Начнем с разрыва. Всякое общество, пишет Фрейд, основано на совершенном совместно преступлении, например отцеубийстве. Всякая интеллектуальная революция также предполагает погребение под своим фундаментом одного или многих «прекрасных трупов». В этом смысле «новое мышление» не является исключением из правила. Впрочем, «преступление» совершается у всех на глазах. Жертвой в данном случае является приемный дядя марксизма-ленинизма (я хочу сказать, принятый последним) прусский офицер, мыслитель и стратег Клаузевиц: «Бывшая для своего времени классической формула Клаузевица, что война есть продолжение политики, только другими средствами, безнадежно устарела. Ей место в библиотеках». Обратимся к истории. Сначала Энгельс, потом Ленин, а вслед за ними и китайские коммунисты присоединили военную мысль Клаузевица к марксизму. Клаузевиц разработал в теоретическом плане три возможности: повсеместное распространение войны в результате участия всей нации в революционных событиях; «полное напряжение всех сил» как абсолютная форма войны; превосходство оборонительных и народных войн. Ленин и китайские коммунисты интерпретировали эти аксиомы применительно к их глобальной концепции истории, империализма и мировой классовой борьбы в XX веке. В рамках этого новое прочтение: мир представлялся полем сражения, на котором проверялось, в каком направлении дует ветер истории. Они считали, что «антиимпериалистический лагерь» одержит победу в результате продолжительной народно-революционной войны, либо войны в защиту социалистического отечества, либо революционно-гражданских войн, либо национально-освободительной борьбы. Ленин считал, что социалисты никогда не были и не могут быть противниками революционных войн… Разоружение - это бегство от прискорбной действительности… типичная и специфически национальная программа малых государств; это отнюдь не международная программа международной революционной социал-демократии, а, напротив, программа оппортунистов, буржуазных пацифистов, реформистов…

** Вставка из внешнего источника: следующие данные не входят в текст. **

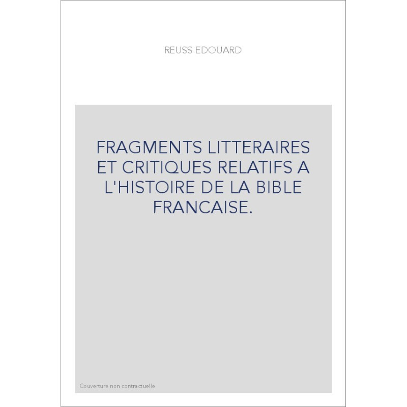 FRAGMENTS LITTERAIRES ET CRITIQUES RELATIFS A L'HISTOIRE DE LA BIBLE FRANCAISE.

«Новое мышление» решительно порывает с таким «ленинизмом-клаузевицизмом». И это вполне логично, потому что, по существу, именно Клаузевиц первым порвал с советским марксизмом и сделал он это оружием где-то между Кабулом и горными вершинами Паншира, там, где обнажилась «подлинная правда», на поле боя. Афганский опыт - это трагедия, не оставившая камня на камне от догматического утверждения о необратимости хода истории и завоеваний социалистической революции. Об этом с конца 1985 г., т. е. еще до вывода советских войск из Афганистана, свидетельствовало «деклассирование» Апрельской революции в «национально-демократическую революцию», в результате чего ее перестали считать частью неотъемлемого достояния социализма. В этом смысле «новое мышление», подобно богине мудрости, вышло во всеоружии из афганского болота. Его оружие - это критика, которая, как известно, предполагает критику оружия. Если подобно «вьетнамскому синдрому» существует «кабульский синдром», то между ними практически нет ничего общего; вывод американских войск из Сайгона не привел к возникновению новых подходов. Напротив, поражение в Афганистане сыграло немаловажную роль в рождении «нового мышления».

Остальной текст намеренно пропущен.